5. Asset markets are frictionless, and information is costless and simultaneously available to all investors.

6. There are no market imperfections such as taxes, regulations, or restrictions on short selling

The investors will hold a combination of the risk-free asset and the market

portfolio, depending on their risk aversion. As the portfolio is perfectly diversified the only risk involved is systematic risk. The relationship between the expected return of a security, the beta and the risk premium are given as:

𝐸[𝑅𝑖] = 𝑟𝑓+ 𝛽𝑖[𝑟𝑚− 𝑟𝑓]

The CAPM has strong assumptions and followingly has received a lot of

criticism, e.g. for not doing a good job explaining the variance in returns for small firms (Fama and French, 1996). Thus, the use of the CAPM in event studies has almost ceased (MacKinlay, 1997).
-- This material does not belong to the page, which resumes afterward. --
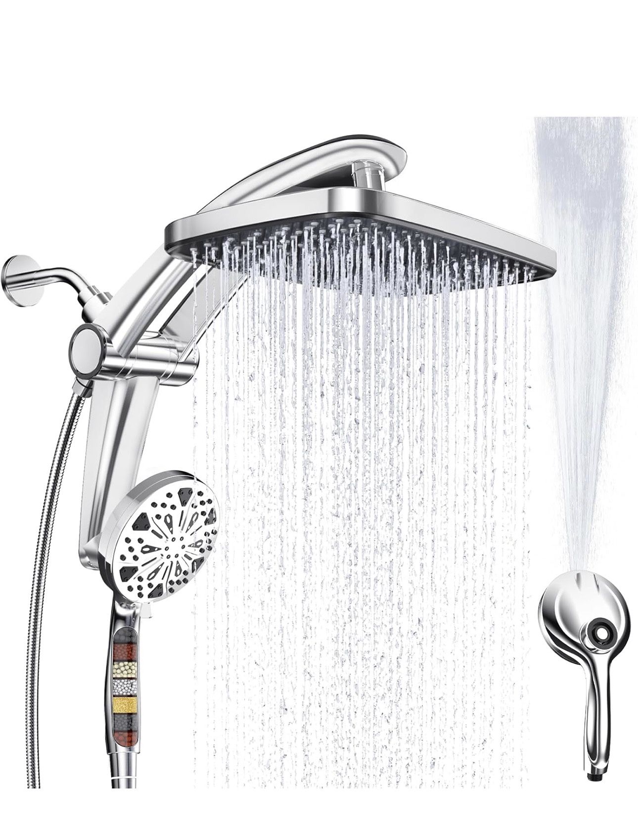 Rain Shower Head with Handheld High Pressure rainfall Shower Heads with Handheld Spray Combo Adjustable one-piece stand daul shower head Built-in Magnetic Docking and Power Jets. In like new condition

4.2.4 The Arbitrage Pricing Theory

Like the CAPM, the APT, developed by Stephen Ross in 1976, predicts a linear relationship between expected returns and risk, but the path it takes to the Security Market Line is different. 1) security returns can be described by a factor model; 2) there are sufficient securities to diversify away idiosyncratic risk; and 3) well-functioning security markets do not allow for the persistence of arbitrage opportunities (Bodie et al., 2014, pp. 327). The model is given as:

𝑅𝑖 = 𝛼𝑖 + 𝛽𝑖1𝐹1+. . . + 𝛽𝑖𝑛𝐹𝑛

Some of the downsides with the APT model is that finding the right factors has proven difficult and time consuming (Bodie et al., 2014), and in general the

additional factors to the market factor has little explanatory power. Thus, the gains from using an APT model versus the market model are small (Macklin, 1997).

24 4.2.5 Fama-French Three Factor Model

Fama and French’s three factor model (FF3) is among the most recognized APT models. The FF3 is a multi-factor model that can be used to measure normal returns of a stock while capturing more of the systematic risk that cannot be smoothen out by diversification, than what can be done in a single factor model.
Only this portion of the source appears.